TASK ITEM
Within the records below, reproduce without change the lines from the line that has "Hier ein Satz" through the line that has "取出手柄下方的磁吸鎖片,對準", and only those.

[DATASET EXCERPTS]

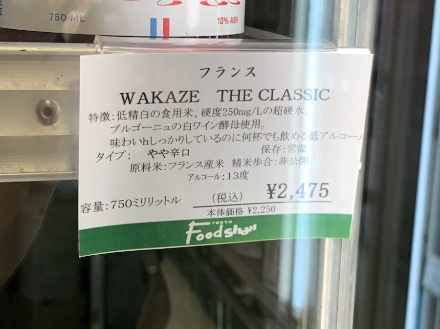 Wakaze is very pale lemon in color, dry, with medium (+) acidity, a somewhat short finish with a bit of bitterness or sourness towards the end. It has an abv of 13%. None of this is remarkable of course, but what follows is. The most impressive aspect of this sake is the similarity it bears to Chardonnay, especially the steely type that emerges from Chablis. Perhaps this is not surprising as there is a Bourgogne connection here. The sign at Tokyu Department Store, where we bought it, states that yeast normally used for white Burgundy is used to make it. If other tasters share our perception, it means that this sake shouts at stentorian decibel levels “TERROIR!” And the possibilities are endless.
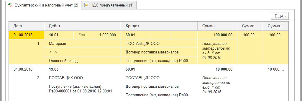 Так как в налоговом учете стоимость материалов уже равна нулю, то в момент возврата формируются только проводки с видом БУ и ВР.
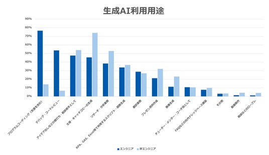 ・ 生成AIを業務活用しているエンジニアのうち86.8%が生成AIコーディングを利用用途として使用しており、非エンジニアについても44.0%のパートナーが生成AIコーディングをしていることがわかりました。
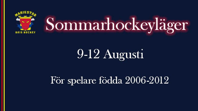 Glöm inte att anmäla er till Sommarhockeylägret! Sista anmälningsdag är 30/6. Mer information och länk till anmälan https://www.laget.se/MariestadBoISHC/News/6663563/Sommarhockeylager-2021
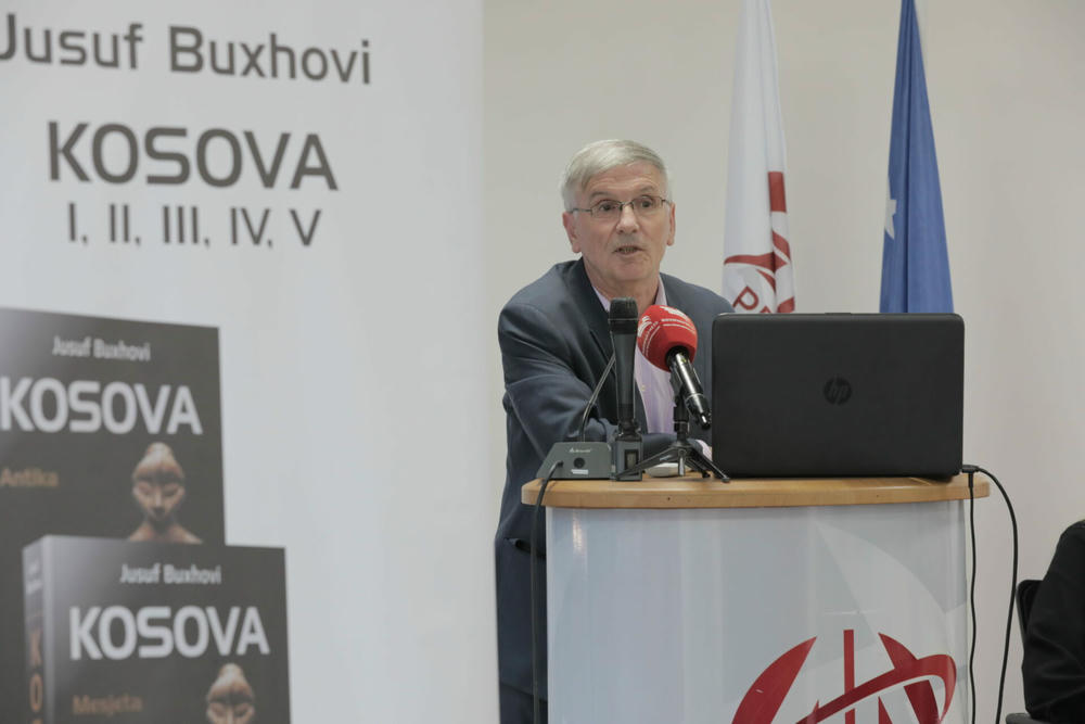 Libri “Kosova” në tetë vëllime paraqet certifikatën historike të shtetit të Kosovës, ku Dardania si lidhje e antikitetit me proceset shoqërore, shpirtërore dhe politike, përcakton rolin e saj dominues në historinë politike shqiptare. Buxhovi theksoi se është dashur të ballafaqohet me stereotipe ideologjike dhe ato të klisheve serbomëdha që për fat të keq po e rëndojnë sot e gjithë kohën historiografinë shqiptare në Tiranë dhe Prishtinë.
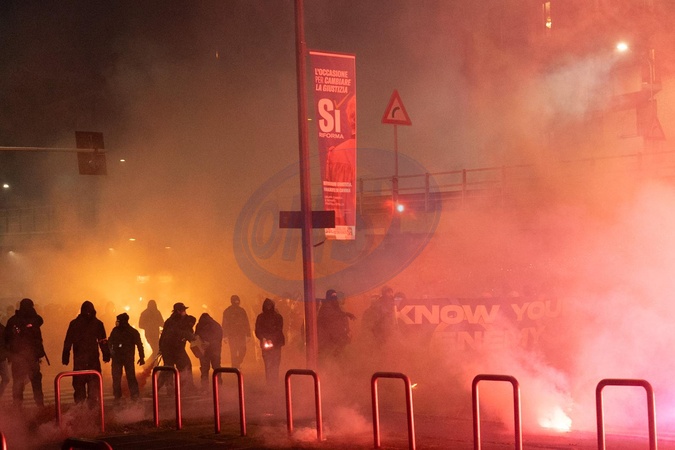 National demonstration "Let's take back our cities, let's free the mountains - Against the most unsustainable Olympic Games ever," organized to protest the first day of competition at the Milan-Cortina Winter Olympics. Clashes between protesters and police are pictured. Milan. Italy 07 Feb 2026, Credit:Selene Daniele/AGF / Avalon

[/DATASET EXCERPTS]
[DATASET EXCERPTS]

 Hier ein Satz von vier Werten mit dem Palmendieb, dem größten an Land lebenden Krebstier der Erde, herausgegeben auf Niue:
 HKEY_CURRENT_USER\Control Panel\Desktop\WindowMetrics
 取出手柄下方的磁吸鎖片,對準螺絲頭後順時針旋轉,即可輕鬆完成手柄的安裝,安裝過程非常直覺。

[/DATASET EXCERPTS]
[DATASET EXCERPTS]

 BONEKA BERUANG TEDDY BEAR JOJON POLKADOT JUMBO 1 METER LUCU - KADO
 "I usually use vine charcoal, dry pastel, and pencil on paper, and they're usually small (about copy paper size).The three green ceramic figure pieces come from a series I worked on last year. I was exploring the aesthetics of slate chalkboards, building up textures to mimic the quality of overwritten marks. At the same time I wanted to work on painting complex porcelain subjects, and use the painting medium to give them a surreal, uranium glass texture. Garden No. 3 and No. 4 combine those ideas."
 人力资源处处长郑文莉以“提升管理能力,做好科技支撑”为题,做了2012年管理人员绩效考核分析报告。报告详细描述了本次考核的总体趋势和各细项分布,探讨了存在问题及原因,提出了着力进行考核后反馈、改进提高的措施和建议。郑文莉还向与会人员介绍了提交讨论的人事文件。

[/DATASET EXCERPTS]

WRITTEN ANSWER
 Hier ein Satz von vier Werten mit dem Palmendieb, dem größten an Land lebenden Krebstier der Erde, herausgegeben auf Niue:
 HKEY_CURRENT_USER\Control Panel\Desktop\WindowMetrics
 取出手柄下方的磁吸鎖片,對準螺絲頭後順時針旋轉,即可輕鬆完成手柄的安裝,安裝過程非常直覺。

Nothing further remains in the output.